▶ [Work to complete]
Extract the stretch of lines that starts at the line with "ねむねむ〜ん昼下がり ああ、誰かが呼んでる〜 |" and ends at the last line of the data below. Give it exactly, without pictures.

▶ [Data below]
Content starts

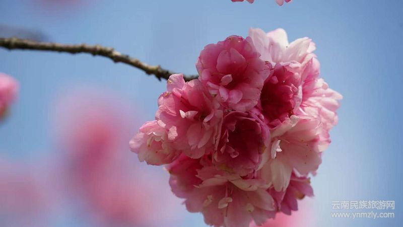 步入田园镇德䘵寨樱花大道,樱花竞相绽放、如云似霞。盛开的樱花五六朵簇拥成团,花瓣薄如蝉翼,边缘微卷,阳光下透若琉璃,花心晕着淡淡的胭脂色。粉白色的樱花在湛蓝的天空映衬下,入镜即成画卷,每一张都是限量版照片。樱花盛开,不仅引得蜜蜂穿梭花间忙碌采蜜,也吸引了不少市民与游客前来赏景。他们身着传统汉服穿行花下,衣袂翩跹,与烂漫花海相映成趣。“这几天昌宁的樱花大道、茶韵公园各种花都开了,特别的美丽,今天我和几个朋友一起来这里拍照打卡,希望把我们昌宁最美好的一面展示给各界的朋友,也欢迎各界的朋友到我们昌宁来拍照打卡。”游客王丽雪说。
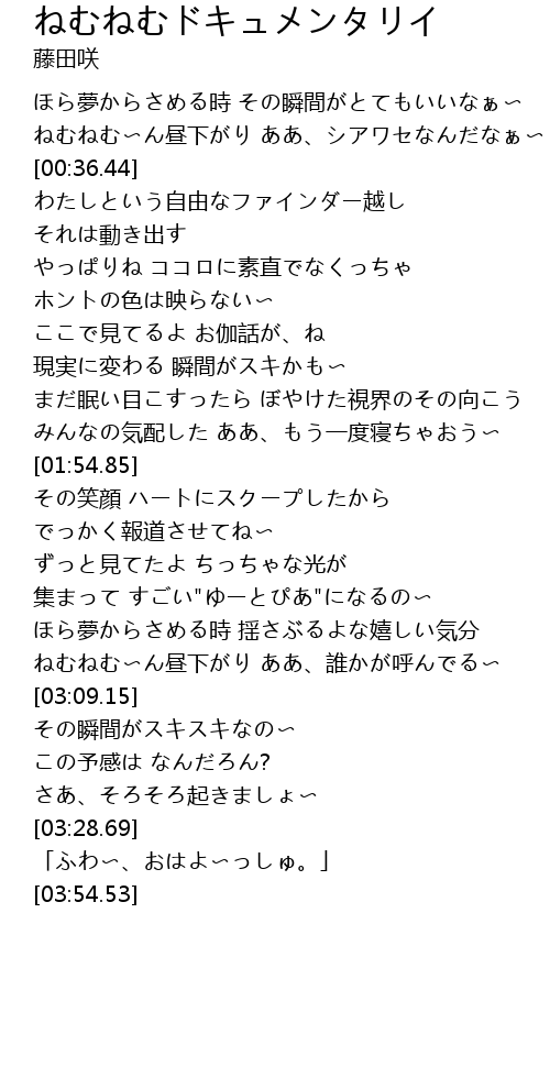 | [02:59.32] | ねむねむ〜ん昼下がり ああ、誰かが呼んでる〜 |
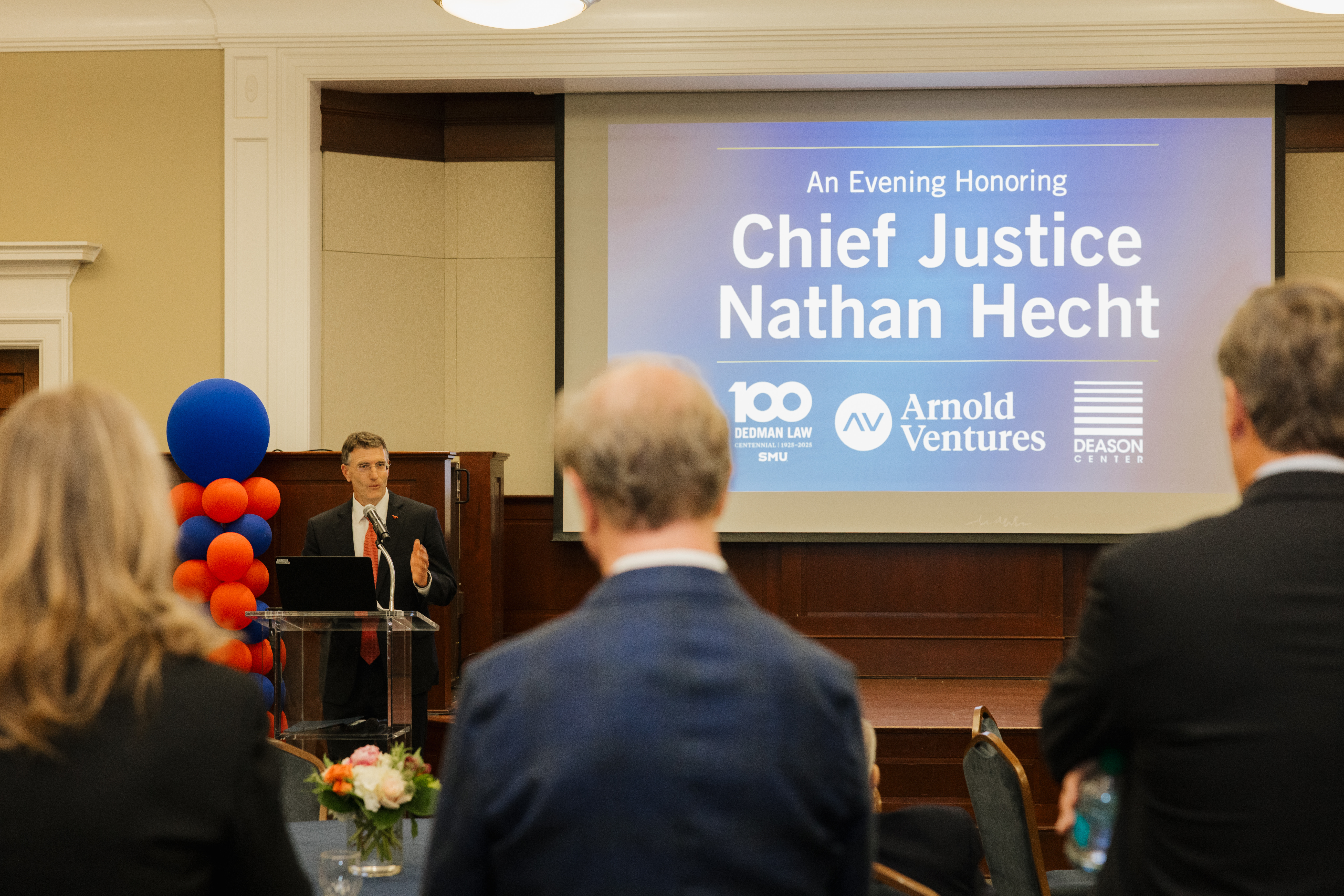 In addition to remarks from SMU Dedman Law faculty, Chief Justice Hecht reflected on his judicial career and shared his ongoing efforts to advocate for equitable access to justice and a fair legal system for all Texans.

Content ends

▶ [Task response]
 | [02:59.32] | ねむねむ〜ん昼下がり ああ、誰かが呼んでる〜 |
 In addition to remarks from SMU Dedman Law faculty, Chief Justice Hecht reflected on his judicial career and shared his ongoing efforts to advocate for equitable access to justice and a fair legal system for all Texans.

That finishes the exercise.